Quarterly Listing of Program Issuances--April through June 2020
On August 12, CMS published a Notice in the Federal Register regarding the quarterly posting of all CMS manual instructions, substantive and interpretive regulations, and other Federal Register notices published from April through June 2020.
Comment Request: Hospice Quality Reporting Program
On August 13, CMS published a Comment Request in the Federal Register regarding an information collection titled “Hospice Quality Reporting Program.” Comments are due by October 13, 2020.
Comment Request: Annual MLR and Rebate Calculation Report and MLR Rebate Notices; Conditions for Coverage of Suppliers of End Stage Renal Disease (ESRD) Services and Supporting Regulations; more
On August 14, CMS published a Comment Request in the Federal Register regarding the submission for OMB review of the following information collections:
- Annual MLR and Rebate Calculation Report and MLR Rebate Notices
- Data Collection for Medicare Facilities Performing Carotid Artery Stenting with Embolic Protection in Patients at High Risk for Carotid Endarterectomy
- Conditions for Coverage of Suppliers of End Stage Renal Disease (ESRD) Services and Supporting Regulations
- Clinical Laboratory Improvement Amendments (CLIA) Regulations
Comments are due to the OMB desk officer by September 14, 2020.

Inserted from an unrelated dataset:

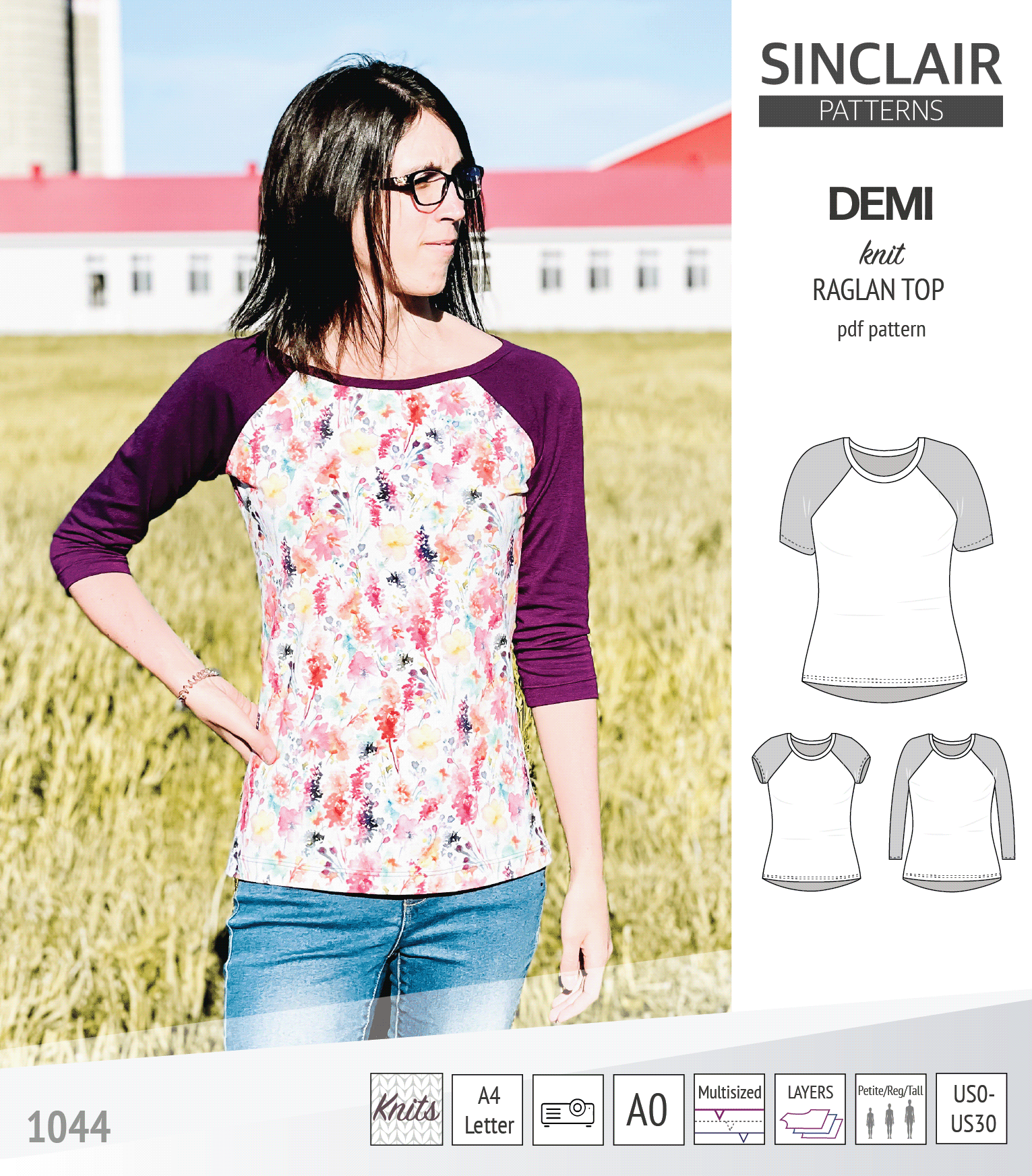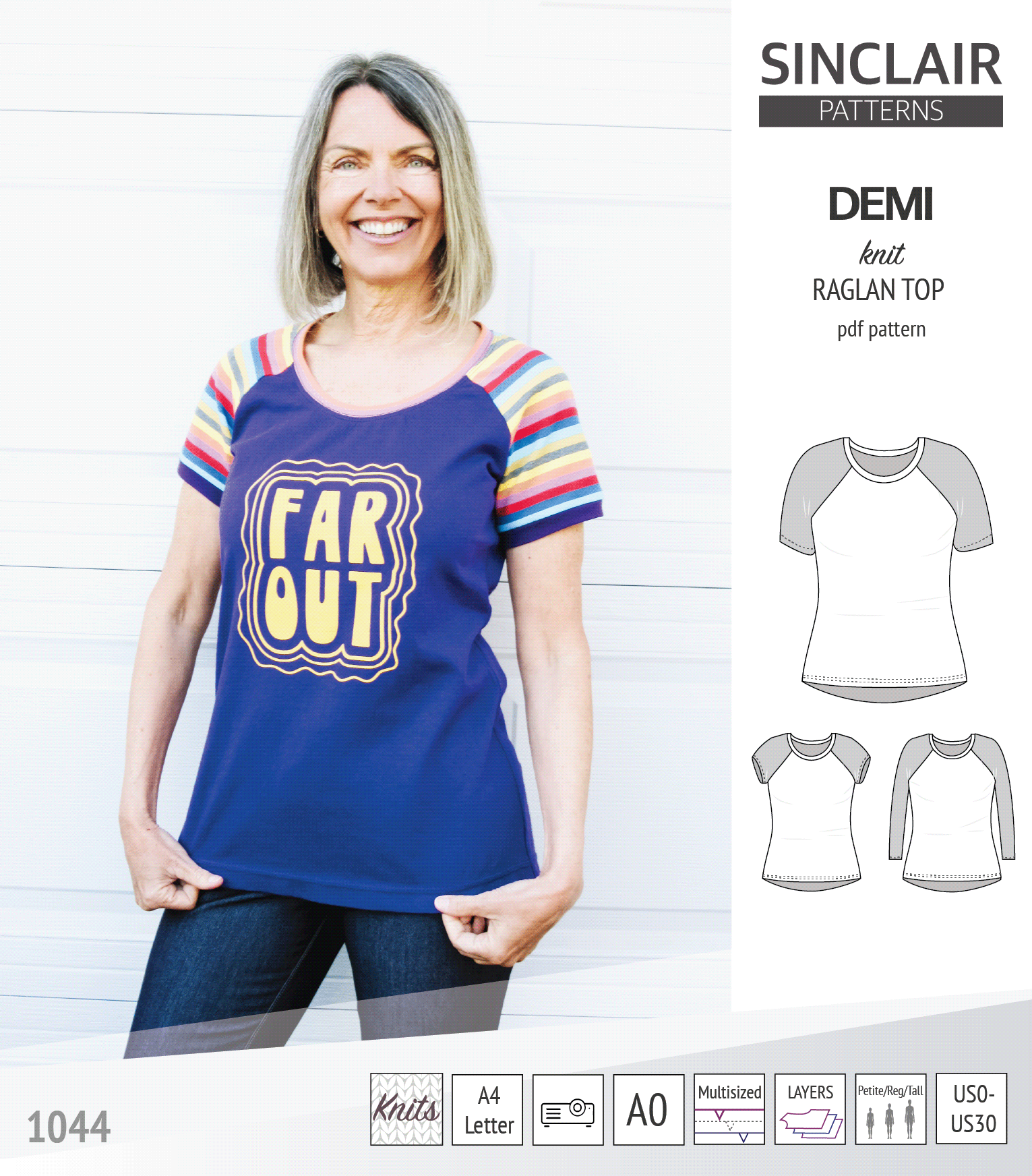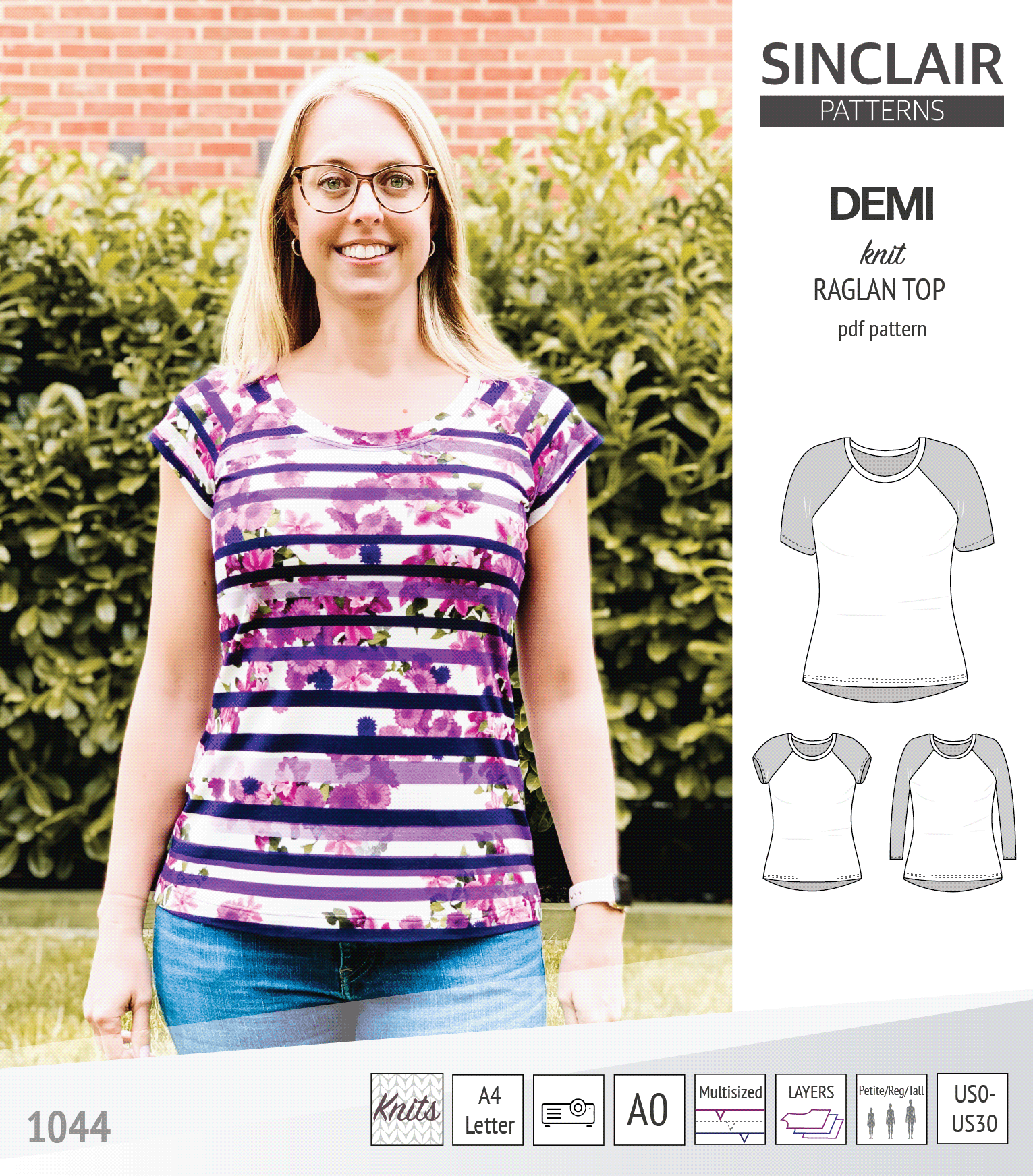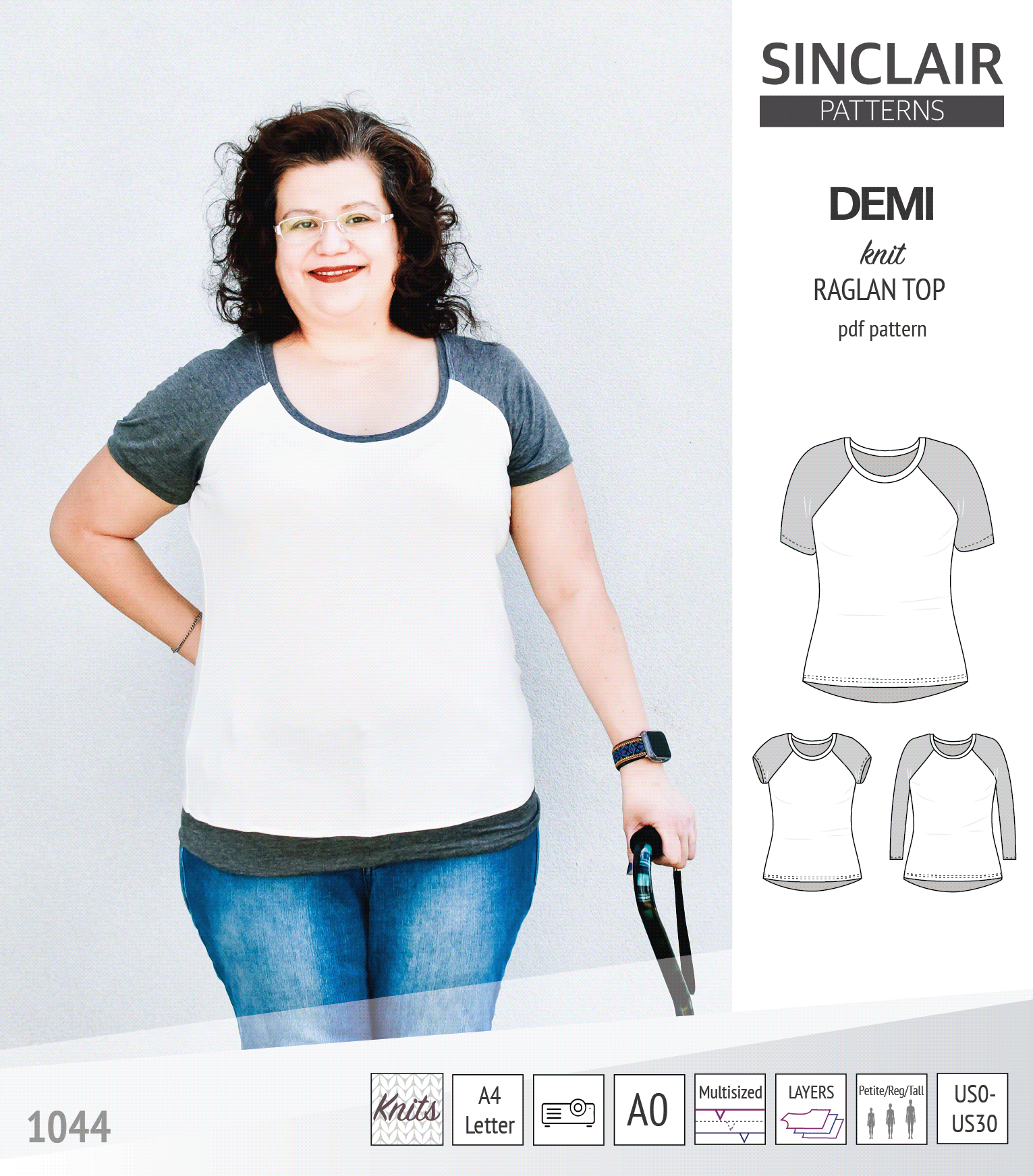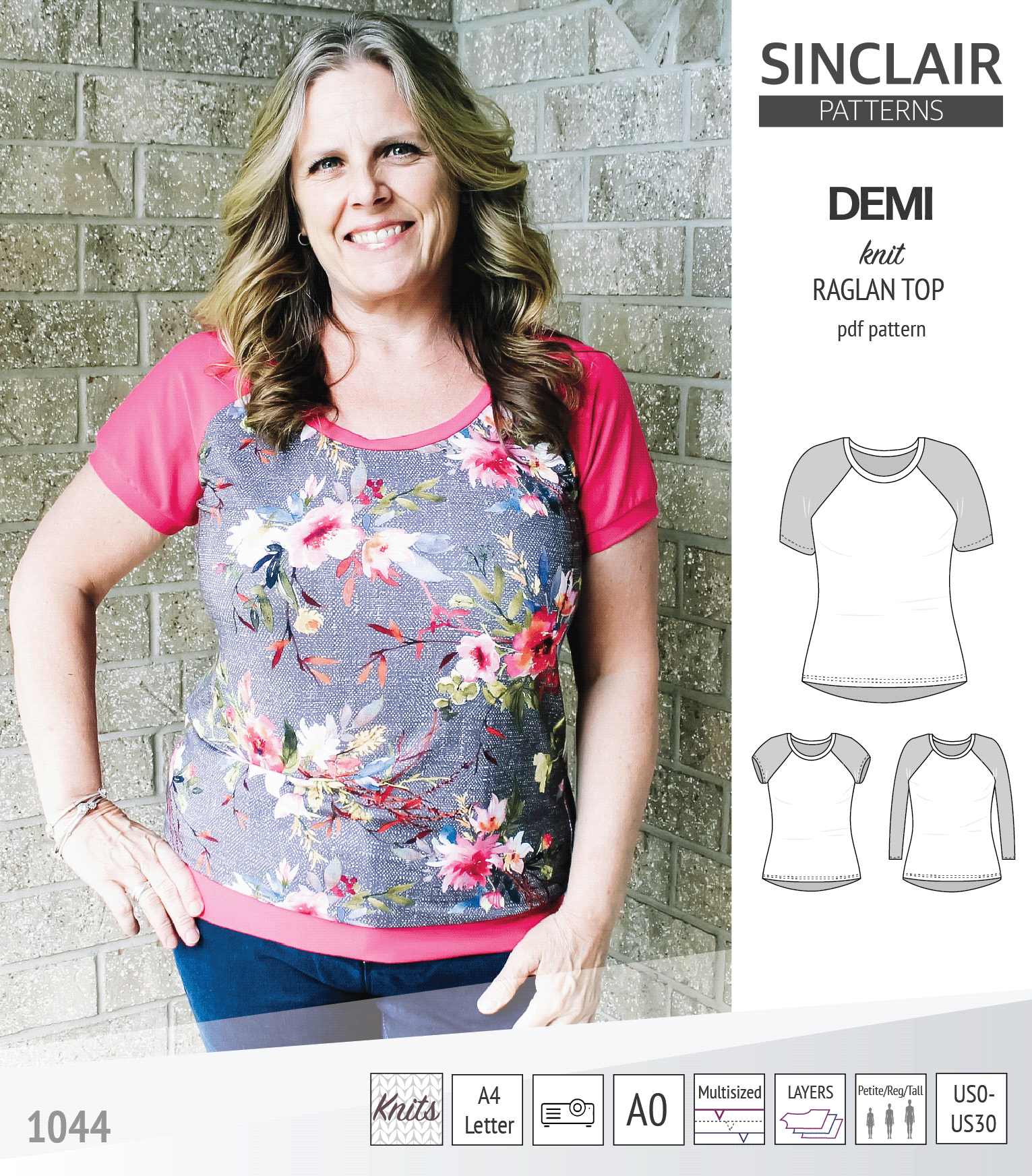 I love Sinclair patterns! I find them easy to sew and the finished garment always looks great! The Demi raglan is a quick make. It’s fitted but not tight. I love the curved hemline. I made the long sleeve version in a petite. I’ve already made 2 and will definitely make more!

Medicare Laboratory Test Expenditures Increased in 2018 Despite New Rate Reductions
On August 14, the OIG published a Review of Medicare Part B spending for laboratory tests under the clinical lab fee schedule (CLFS) in 2018. The OIG found that total Medicare spending for clinical lab tests increased by $459 million from 2017 to 2018. Payment rates for 75% of tests decreased in 2018, but overall spending increased because of increased spending on genetic tests, the end of a discount on certain chemistry tests, and the move to a single national fee schedule. The OIG stated that continued oversight of genetic testing will be important, as even a small number of inappropriate tests could lead to extremely high spending. It also recommended that CMS seek legislative authority to establish a mechanism to control costs for automated chemistry tests.
Trump Administration Has Issued More Than $15 Million in Fines to Nursing Homes During COVID-19 Pandemic
On August 14, CMS published a Press Release to announce it has imposed more than $15 million in civil money penalties across more than 3,400 nursing homes nationwide during the PHE for noncompliance with infection control requirements and failure to report COVID-19 data. CMS has completed infection control surveys in over 99.2% of nursing homes and found more than 180 immediate jeopardy-level findings, triple the rate of the deficiencies found in 2019. It also cited more than 3,300 deficiencies in nursing homes reporting COVID-19 data.
Changes to the Laboratory National Coverage Determination (NCD) Edit Software for October 2020
On August 14, CMS published Medicare Claims Processing Transmittal 10305, which rescinds and replaces Transmittal 10215, dated July 10, 2020, to update the codes in the spreadsheet for NCD 190.15. The original transmittal was issued regarding changes in the laboratory NCD code lists for October 2020.
CMS published MLN Matters 11889 on the same date to accompany the transmittal.